Not quite the first live TV broadcast from Pyongyang

A live report from Pyongyang on Rossiya 1 TV on October 18, 2023. (Source: Rossiya 1/YouTube)

On Wednesday evening, viewers of Rossiya 1’s “60 минут” (60 Minutes) saw a rare live report from Pyongyang. Reporter Olga Skabeyeva was in the North Korean capital to cover Russian Foreign Minister Sergei Lavrov’s trip to country that began the same day.

The trip made Skabeyeva one of the first foreign TV journalists to enter North Korea since the end of its three-year COVID quarantine. That’s reason enough for the TV station to be proud, but they had sights set on something more grand.

Introducing the report, the TV station claimed it was the first ever live broadcast from North Korea.

Of course, that’s not true.

In 1994, Mike Chinoy achieved the first live TV report from Pyongyang for CNN. Chinoy talked about the achievement on the NK News podcast in 2021 and one of his subsequent 1998 live shots from the capital is on YouTube.

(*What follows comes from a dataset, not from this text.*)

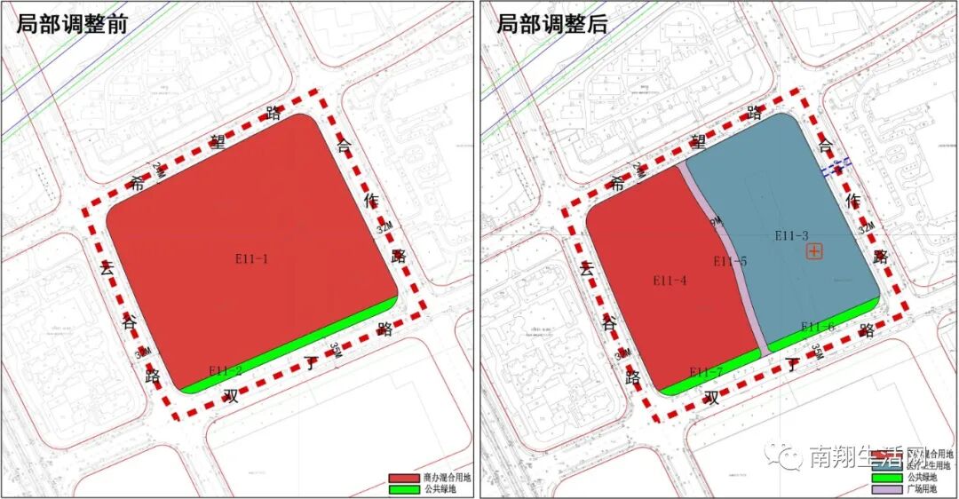 E11-4地块:用地性质仍为商办混合用地(C8C2),用地面积调整为25132平方米,容积率调整为4.0,建筑高度仍为80米,混合用地建筑量比例调整为“C8≥80%;C2≤20%”。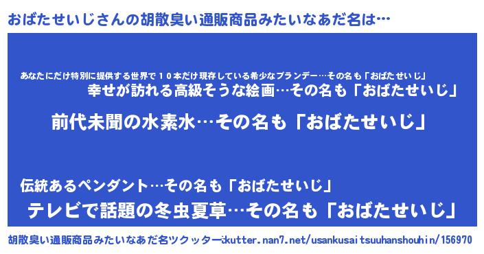 | 意味不明あだ名 | 『永久保存おばたせいじ』 |

To be sure, live reports from Pyongyang are not common. Foreign journalists rarely get into the country and usually don’t get to broadcast live.

Skabeyeva appeared to be standing in the lobby of the Koryo Hotel when she did the live report, after midnight local time she said, and commented that it demonstrated Internet exists in the country, indicating that the video was being sent over the hotel’s Internet connection.

She also said they had been originally told they would be given “press” armbands that denoted them as journalists. These are commonly used by foreign reporters in Pyongyang, but apparently the Russian crew never got them.

“We went out into the street with cameras and filmed North Korean people. They do not look gloomy, sad, or depressed, as is commonly said about them. And no one forbade us from filming this,” the reporter said, according to BBC Monitoring.